Constantine and Helena's Holy Sepulcher from the West. To the right – the adjacent Roman Forum. Beyond the church – the two main thoroughfares – the main Cardo and the secondary one in the Tyropoeon Valley i.e."Valley of the Cheese-makers". Beyond it, to the East – the Ruins of the Jewish Temple and the Mount of Olives. The Christians had destroyed the pagan temples Adrian had built over the ruined Jewish Temple, and had left the place desolate and derelict. Thus, were the shape of things till the arrival of the Muslims, who redeemed the Temple Mount from its desolation.
Model of Byzantine Jerusalem at the Church of Saint Peter in Gallicantu, near Mount Zion. Although this shows Jerusalem in the sixth century AD, The Holy Sepulcher still stands, as built by Helena and Constantine, and stands at the center of the model, adjacent to the Cardo, The main north-south thoroughfare. It emanates from Damascus Gate, (Pillar Gate, as it is known in Arabic to this present day) in a basic layout which exists today: it splits in two: to the left it goes down Al-Wad street, and straight on the high-ground as the Cardo (Souq al-Zeit, nowadays). Further down is the Nea Church built by Justinian in the 6th century, the ruins of which are to the south of the Jewish Quarter.
Here is one incredible Jerusalem story: of Helena and Constantine's Holy Sepulcher, hardly anything remains. It was demolished by the Persians in 614 and then again by the Fatimid Khalifa Al-Hakim bi-Amr Allah in 1009. The entrance to the church was adjacent to the Cardo, The main north-south thoroughfare, which today is the Souq al Zeit Market. One sole relic remained of that church! The lintel of the church narthex! Amazingly, it is still there, in the back room of the Zalatimo bakery, which had closed only two years ago. Until then, the disgruntled baker allowed visitors into his pantry for 10 NIS. When I was there last and took these photos – I shared the space with a BBC crew, filming a documentary. Here is the lintel with some additional Crusader period columns. (1150)
Finding of the True Cross
The tradition of the finding of the True Cross is what earned her the attribute of Jesus's cross and is at the center of quite a few devotions, especially Catholic. The myth has been portrayed by many artists, yet on of the most famous is the "Leggenda della Vera Croce" a series of frescoes covering the entire apse walls of the church of Saint Francis in Arezzo, Tuscany. The Renaissance painter Piero della Francesca describes the detail of the Legend of the Cross staring with the death of Adam through the Visit of the Queen of Sheba, The crucifixion, Constantine's Victory aא the Milvian Bridge, the finding of the cross by Helena, Its's capture by the Persians and retrieval by Emperor Heraclius and return to Jerusalem in 628 CE. The central panel is the one depicting the finding of the crosses and healing of the old lady.

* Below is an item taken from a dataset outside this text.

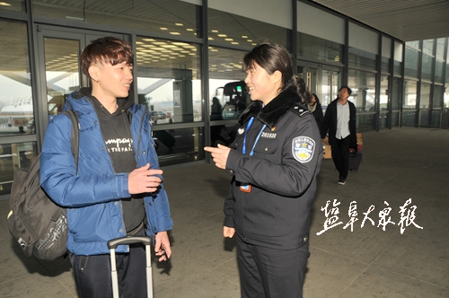 △机场边检站民警朱紫彤为首飞来盐的台湾小伙热情服务。

The second famous presentation of the Legend of the True Cross is in the church of Santa Croce in Florence, dating back to 1380. It also recounts the full story, from Adam to Heraclius. In this panel – St. Helena finding the True Cross and curing the old lady.

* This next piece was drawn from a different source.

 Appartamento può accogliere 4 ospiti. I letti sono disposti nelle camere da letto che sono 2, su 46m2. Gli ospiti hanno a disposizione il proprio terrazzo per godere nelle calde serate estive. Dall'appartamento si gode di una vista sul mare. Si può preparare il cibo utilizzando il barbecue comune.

First photo from L. Basilica of the Holy Sepulcher in Jerusalem. View from the rock of Golgotha (Calvary) towards the entrance to the Rotunda, where the tomb lies. Directly underneath is the Stone of Unction, where Jesus was given the Jewish burial rites. In Helena's original church there was an open cloister here. Second photo Chapel of the Finding of the Cross, in the Basilica of the Holy Sepulcher under the Armenian chapel of St. Helena. Her Bronze statue is inside the old quarry, and was donated in 1865 by archduke Maximilian of Habsburg. Third photo the exact spot the cross was found, according to tradition.
A relic of the True Cross in the treasure of the Holy Sepulcher. Traditionally, the small cross is the holy relic. The figures of Helena and her son Constantine flanking the cross.